Allen Johnson Jr | Grandson of Coca-Cola United founder – debuts Blackwater Novels
Author Allen Johnson Jr debuts Blackwater Novels
Allen Johnson Jr., grandson to Crawford Johnson founder of Coca-Cola Bottling Company United, debuts his Blackwater Novels with the January 1 release of My Brother’s Story.
Allen, who writes for young people, served on the board of Coca-Cola United for 41 years. Johnson, who’s grandfather was a pioneer bottler, says the Blackwater Novels reflect the way he grew up outside of Birmingham Alabama, in the 1940s.
“Boyhood was a verb, in my day,” he says. “After chasing, wrestling and exploring in the woods, we would come in and guzzle three or four six-and-a-half ounce Co’Colas, as we call them in the South. When I was a boy, we had no problem with obesity. We didn’t have time for it. We we’re always on the move and needed every calorie we could get!” – Allen Johnson Jr.
“Co’Colas are featured in all of the Blackwarter Novels,” Johnson says.
The Blackwater Novels are set in the 1930s along the Blackwater River and Blackwater Swamp, near the fictional town of Turpentine, Georgia, and in the countryside near Birmingham, Alabama. Explore the magic and mystery of nature . . . hear the critters in the swamp, sleep in a treehouse, find a hidden grave, and sleep on an island by the embers of a campfire. Get in trouble with the twins when they shoot green tomatoes in a giant slingshot, and dynamite a toilet with a cherry bomb. Join Linc, Sheriff Clyde and Dr.
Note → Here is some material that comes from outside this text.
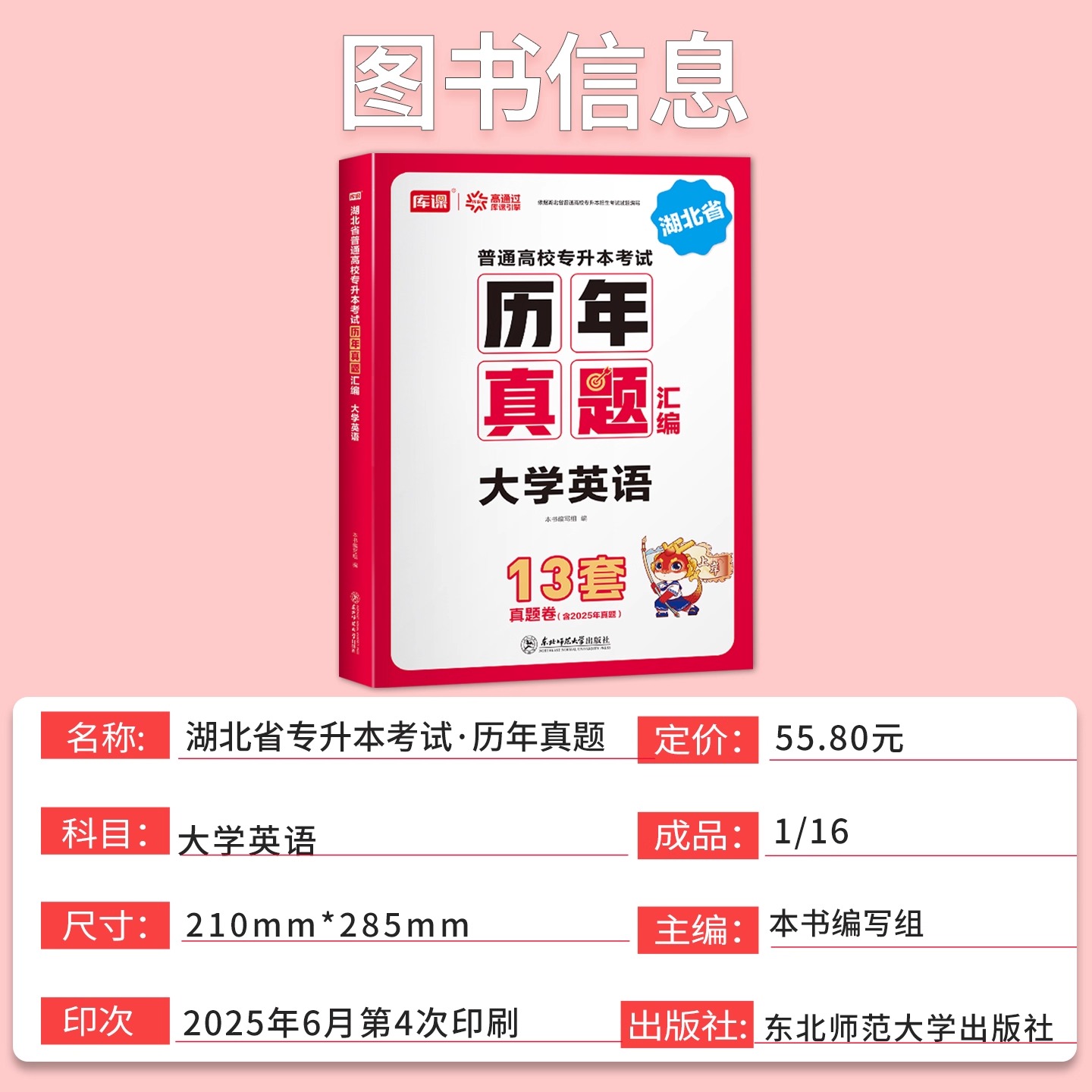 库课2026湖北省专升本英语历年真题试卷官方库课2025年湖北普通高校在校生全日制统招专升本模拟试卷必刷2000题考试真题卷复习资料

Mason when they confront the poisonous nest of snakes called the Ku Klux Klan, and Henry Granger’s evil presence in the dead house.
AUTHOR: Allen Johnson Jr.
My daughter April, who is currently making a documentary film, lives nearby in Seattle, and my first son, Colby, a filmmaker, lives in New Orleans. (I have to wonder if a gene for filmmaking runs in my family!) At the age of seventy-seven, I now pursue my two passions: writing and jazz guitar.
I was born and raised outside of Birmingham, Alabama. You can take a Southerner out of the South, but you can’t take the South out of a Southerner!
As a boy I had the good fortune of growing up with the space and freedom to be outside, have adventures, explore, and get into trouble. A boy’s purpose in life is to play, and the tantalizing possibility of getting into trouble added spice to that purpose.
I was also blessed with a rich heritage of storytelling from the members of my wonderful, extended Southern family. I share some of my family stories in the Blackwater Novels.
My boyhood in the South and my college years at the University of Alabama also gave me first-hand experience of the good people coming together with love to help each other and to confront racial hatred.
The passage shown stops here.